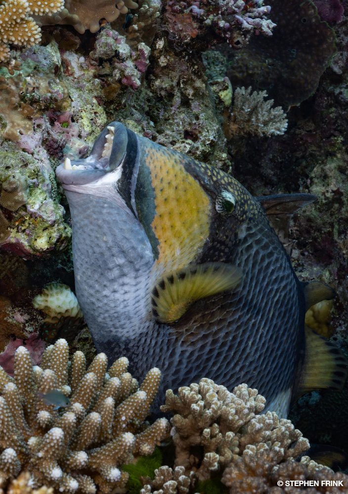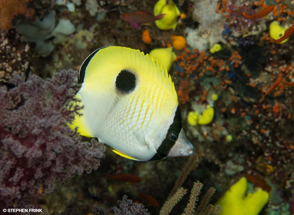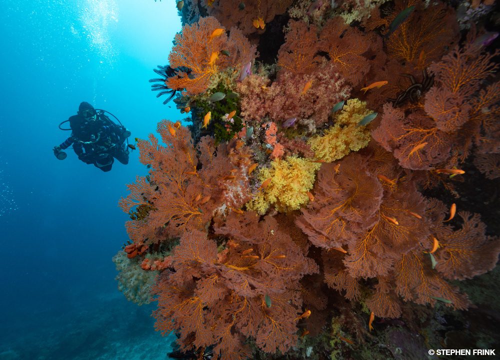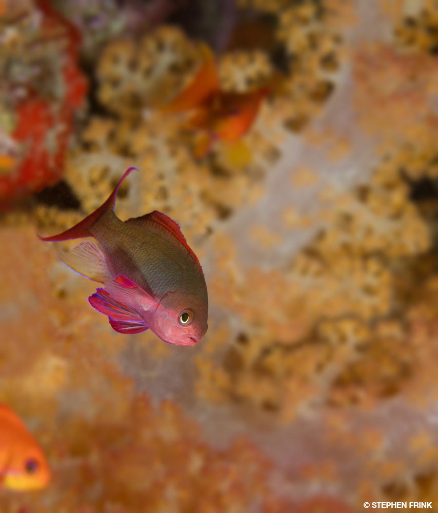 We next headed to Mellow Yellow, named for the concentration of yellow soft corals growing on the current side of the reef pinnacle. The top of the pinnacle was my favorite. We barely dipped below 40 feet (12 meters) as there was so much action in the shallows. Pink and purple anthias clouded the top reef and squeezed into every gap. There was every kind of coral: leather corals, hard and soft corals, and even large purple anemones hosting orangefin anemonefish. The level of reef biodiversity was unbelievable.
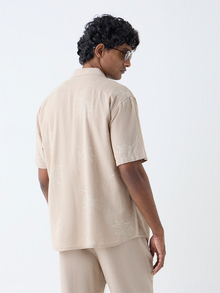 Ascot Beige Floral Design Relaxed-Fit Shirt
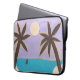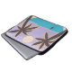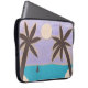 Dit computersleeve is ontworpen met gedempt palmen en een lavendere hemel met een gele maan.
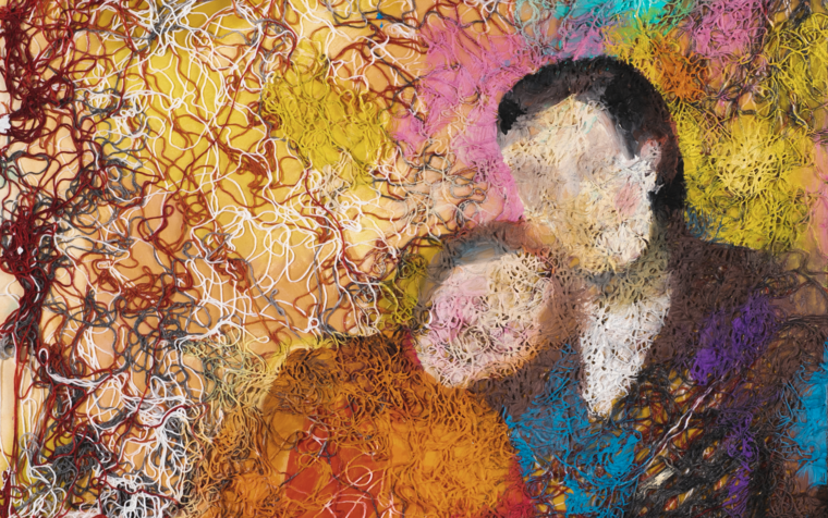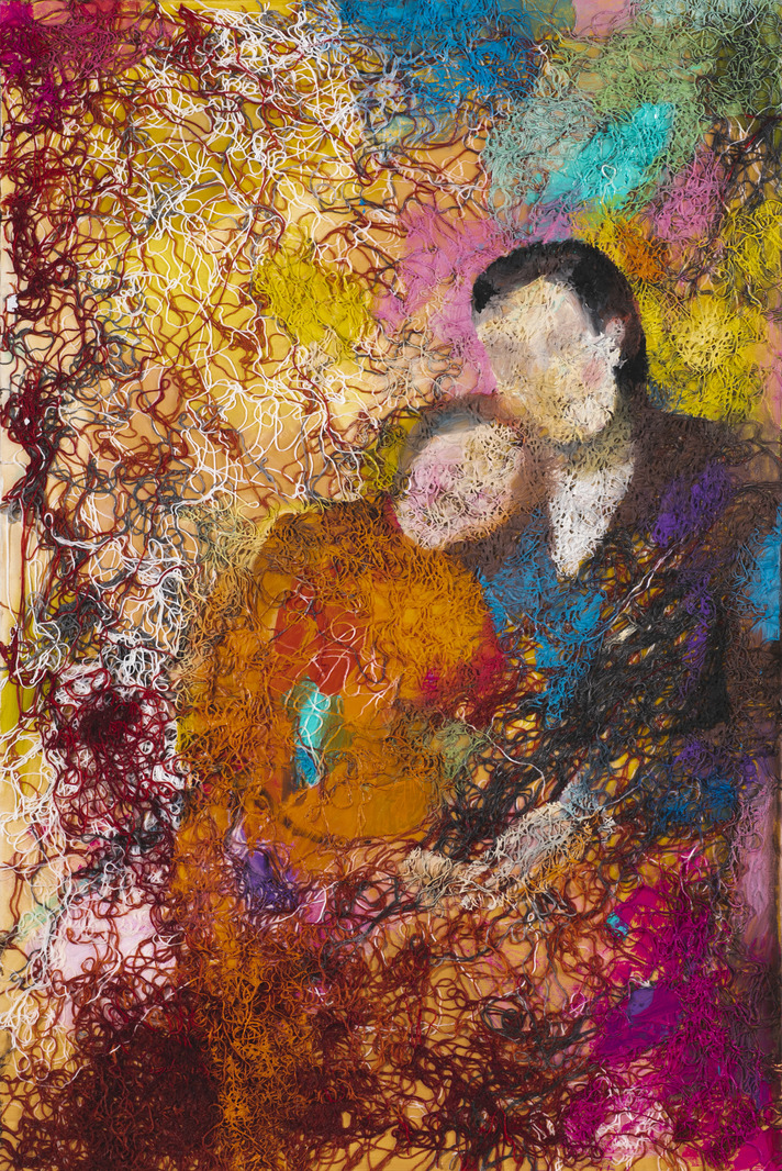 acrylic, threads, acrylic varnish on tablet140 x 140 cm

----

• **WORK REQUIRED**
Copy out the whole listing word for word, except for any picture it includes.

• **RESPONSE TO THE TASK**
 We next headed to Mellow Yellow, named for the concentration of yellow soft corals growing on the current side of the reef pinnacle. The top of the pinnacle was my favorite. We barely dipped below 40 feet (12 meters) as there was so much action in the shallows. Pink and purple anthias clouded the top reef and squeezed into every gap. There was every kind of coral: leather corals, hard and soft corals, and even large purple anemones hosting orangefin anemonefish. The level of reef biodiversity was unbelievable.
 Ascot Beige Floral Design Relaxed-Fit Shirt
 Dit computersleeve is ontworpen met gedempt palmen en een lavendere hemel met een gele maan.
 acrylic, threads, acrylic varnish on tablet140 x 140 cm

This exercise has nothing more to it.